### ACTIVITY
Line by line, return the listing exactly, without any of the images.

### DATA SEGMENT
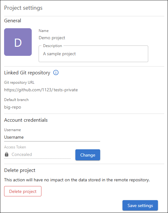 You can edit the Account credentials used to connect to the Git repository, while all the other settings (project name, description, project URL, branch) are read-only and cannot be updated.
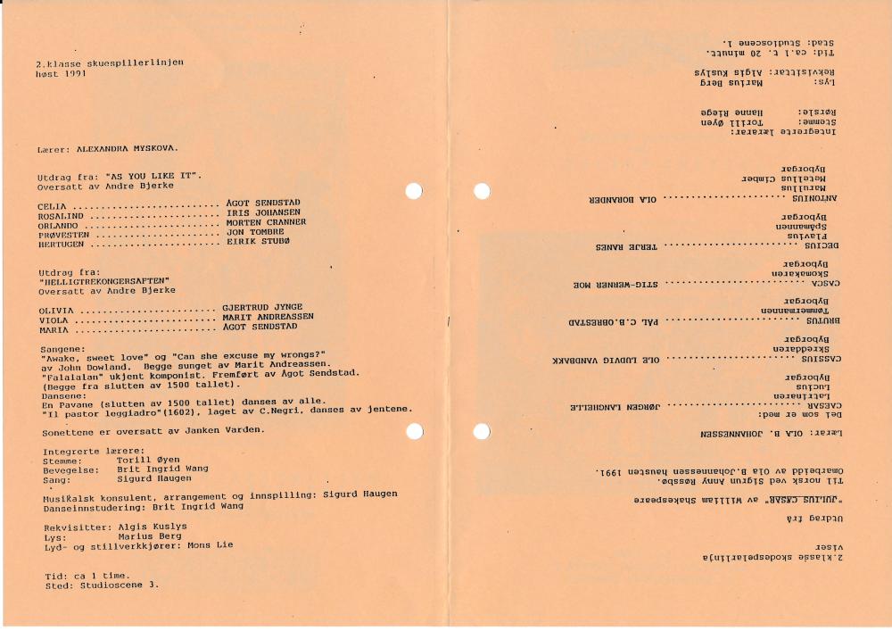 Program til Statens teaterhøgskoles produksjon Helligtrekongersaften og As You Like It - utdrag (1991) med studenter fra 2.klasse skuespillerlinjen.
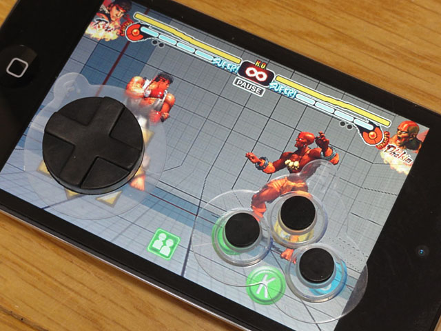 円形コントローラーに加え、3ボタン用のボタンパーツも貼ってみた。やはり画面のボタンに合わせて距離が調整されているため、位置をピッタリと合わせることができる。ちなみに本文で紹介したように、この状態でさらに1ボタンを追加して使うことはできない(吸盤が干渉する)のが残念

### YOUR RESPONSE
 You can edit the Account credentials used to connect to the Git repository, while all the other settings (project name, description, project URL, branch) are read-only and cannot be updated.
 Program til Statens teaterhøgskoles produksjon Helligtrekongersaften og As You Like It - utdrag (1991) med studenter fra 2.klasse skuespillerlinjen.
 円形コントローラーに加え、3ボタン用のボタンパーツも貼ってみた。やはり画面のボタンに合わせて距離が調整されているため、位置をピッタリと合わせることができる。ちなみに本文で紹介したように、この状態でさらに1ボタンを追加して使うことはできない(吸盤が干渉する)のが残念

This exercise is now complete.